S_ISUID (04000): SETUID 位，用于在 exeve 系统调用时设置进程的有效用户ID(effective user ID)；
S_ISGID (02000): SETGID 位，和 SETUID 类似，从父目录中继承；
S_ISVTX (01000): sticky bit，即防删除位，防止其他用户删除公共文件，通常用于/tmp目录下；

通过文件权限码可以实现一定程度上的自主访问控制，但是对于多用户系统而言只能通过用户组去管理，无法控制某个文件可以让用户A访问而不让用户B访问。ACL 就是为了实现这个目标而出现的。例如，需要单独给某个用户添加文件的读权限如下:

$ setfacl -m u:evilpan:r /etc/passwd

具体命令可以参考 setfacl(1)，值得一提的是，ACL需要内核和文件系统的支持。

MAC

MAC 即 Mandatory Access Control，用于将系统中的信息分密级和类进行管理，以保证每个用户只能访问到那些被标明可以由他访问的信息的一种访问约束机制。通俗的来说，在强制访问控制下，用户(或其他主体)与文件((其他客体)都被标记了固定的安全属性(如安全级、访问权限等)，在每次访问发生时，系统检测安全属性以便确定一个用户是否有权访问该文件。其中 SELinux 和 AppArmor 就是 Linux 中典型的强制访问控制实现，在后文会详细介绍。

UID

在上面介绍 DAC 的时候说到，其中的访问控制策略是根据用户和组去进行管理的。对于操作系统而言，为了方便管理，用户和组都分别对应数字 ID，即 UID 和 GID。传统上获取 root 权限就是执行下su程序，就神奇地获得了一个为所欲为的 root shell。一般情况下 su 是一个设置了 SETUID 位的程序，并且 owner 是 root 用户。普通用户执行该程序只是上是对该文件执行了execve系统调用，也就是说，内核会根据 SETUID 位来调整当前进程的权限，这主要是通过有效用户ID去实现的。

Linux中的用户ID分为 real user id 和 effective user id，这样区分的原因是进程在执行过程中需要动态切换到其他用户，如果只有一个用户ID，那么切换之后就无法换回原来的用户了。因此前者用来表示进程的真实用户，后者用来表示当前所表示的有效用户。

在内核上面介绍的 task_struct 中有一个 struct cred 字段，该字段对应的结构就包含了当前任务的安全相关上下文信息，其中就有 uid，如下所示:

struct cred {
	atomic_t	usage;
#ifdef CONFIG_DEBUG_CREDENTIALS
	atomic_t	subscribers;	/* number of processes subscribed */
	void		*put_addr;
	unsigned	magic;
#define CRED_MAGIC	0x43736564
#define CRED_MAGIC_DEAD	0x44656144
#endif
	kuid_t		uid;		/* real UID of the task */
	kgid_t		gid;		/* real GID of the task */
	kuid_t		suid;		/* saved UID of the task */
	kgid_t		sgid;		/* saved GID of the task */
	kuid_t		euid;		/* effective UID of the task */
	kgid_t		egid;		/* effective GID of the task */
	kuid_t		fsuid;		/* UID for VFS ops */
	kgid_t		fsgid;		/* GID for VFS ops */
	// ...
} __randomize_layout;

在 execve(2) 的文档中有说到:

If the set-user-ID bit is set on the program file pointed to by filename, and the underlying file system is not mounted nosuid (the MS_NOSUID flag for mount(2)), and the calling process is not being ptraced, then the effective user ID of the calling process is changed to that of the owner of the program file.
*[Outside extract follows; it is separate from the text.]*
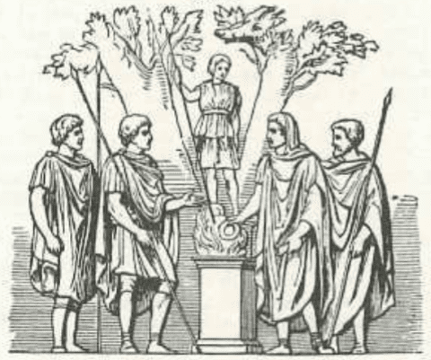 The Christmas tree, now so common among us, was equally common in Pagan Rome and Pagan Egypt. In Egypt that tree was the palm-tree; in Rome it was the fir; the palm-tree denoting the Pagan Messiah, as Baal-Tamar, the fir referring to him as Baal-Berith. The mother of Adonis, the Sun-God and great mediatorial divinity, was mystically said to have been changed into a tree, and when in that state to have brought forth her divine son. If the mother was a tree, the son must have been recognised as the “Man the branch.” And this entirely accounts for the putting of the Yule Log into the fire on Christmas-eve, and the appearance of the Christmas-tree the next morning. As Zero-Asbta, “The seed of the woman,” which name also signified Ignigena, or “born of the fire,” he has to enter the fire on “Mother-night,” that he may be born the next day out of it, as the “Branch of God,” or the Tree that brings all divine gifts to men. But why, it may be asked, does he enter the fire under the symbol of a Log? To understand this, it must be remembered that the divine child born at the winter solstice was born as a new incarnation of the great god (after that god had been cut in pieces), on purpose to revenge his death upon his murderers. Now the great god, cut off in the midst of his power and glory, was symbolised as a huge tree, stripped of all its branches, and cut down almost to the ground. But the great serpent, the symbol of the life restoring AEsculapius, twists itself around the dead stock, and lo, at its side up sprouts a young tree—a tree of an entirely different kind, that is destined never to be cut down by hostile power—even the palm-tree, the well-known symbol of victory.
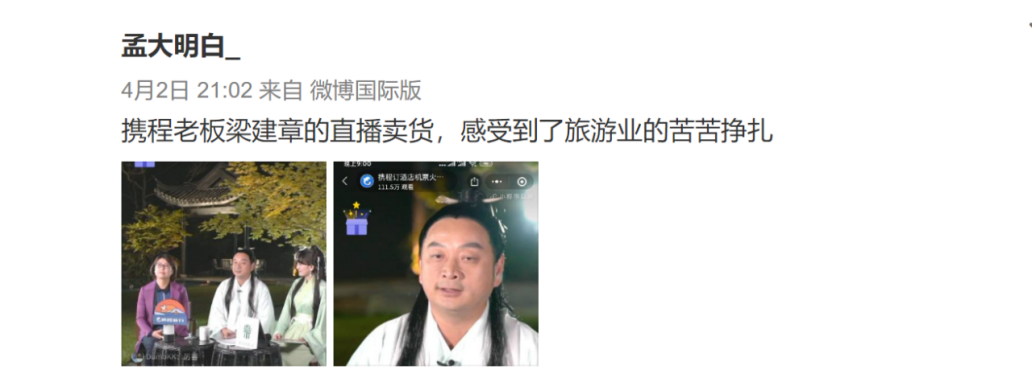 直播镜头面前,梁建章本人困倦的眼袋,仿古的长发,特意描画的眉毛成为了网友关注的焦点。梁建章扮装上阵,也让网友感受到了心酸,称“旅游业太难,大佬太拼。”

对于喜欢寻根问底的同学，也可以从内核中的 execve 实现中找到对应的逻辑，以 linux-v5.10-rc4 为例，内核里主要的执行逻辑如下:

load_elf_binary (fs/binfmt_elf.c)
begin_new_exec (fs/exec.c)
bprm_creds_from_file
bprm_fill_uid

static void bprm_fill_uid(struct linux_binprm *bprm, struct file *file)
{
	/* Handle suid and sgid on files */
	struct inode *inode;
	unsigned int mode;
	kuid_t uid;
	kgid_t gid;

	if (!mnt_may_suid(file->f_path.mnt))
		return;

	if (task_no_new_privs(current))
		return;

	inode = file->f_path.dentry->d_inode;
	mode = READ_ONCE(inode->i_mode);
	if (!(mode & (S_ISUID|S_ISGID)))
		return;

	/* Be careful if suid/sgid is set */
	inode_lock(inode);

	/* reload atomically mode/uid/gid now that lock held */
	mode = inode->i_mode;
	uid = inode->i_uid;
	gid = inode->i_gid;
	inode_unlock(inode);

	/* We ignore suid/sgid if there are no mappings for them in the ns */
	if (!kuid_has_mapping(bprm->cred->user_ns, uid) ||
		 !kgid_has_mapping(bprm->cred->user_ns, gid))
		return;

	if (mode & S_ISUID) {
		bprm->per_clear |= PER_CLEAR_ON_SETID;
		bprm->cred->euid = uid;
	}

	if ((mode & (S_ISGID | S_IXGRP)) == (S_ISGID | S_IXGRP)) {
		bprm->per_clear |= PER_CLEAR_ON_SETID;
		bprm->cred->egid = gid;
	}
}

这就是 SETUID 程序可以用来提权原因。

Capabilities

传统 Linux 执行权限检测主要是基于 UID，而且只有两个分类，即 (effective) UID 为 0 的超级用户和其他普通用户。这样一来就会面临权限划分粒度太粗的问题，比如只想让普通用户可以访问 ping 程序，就需要给 ping 文件加上 SETUID 位，如果该可执行文件的实现存在漏洞，就可能被利用造成权限提升。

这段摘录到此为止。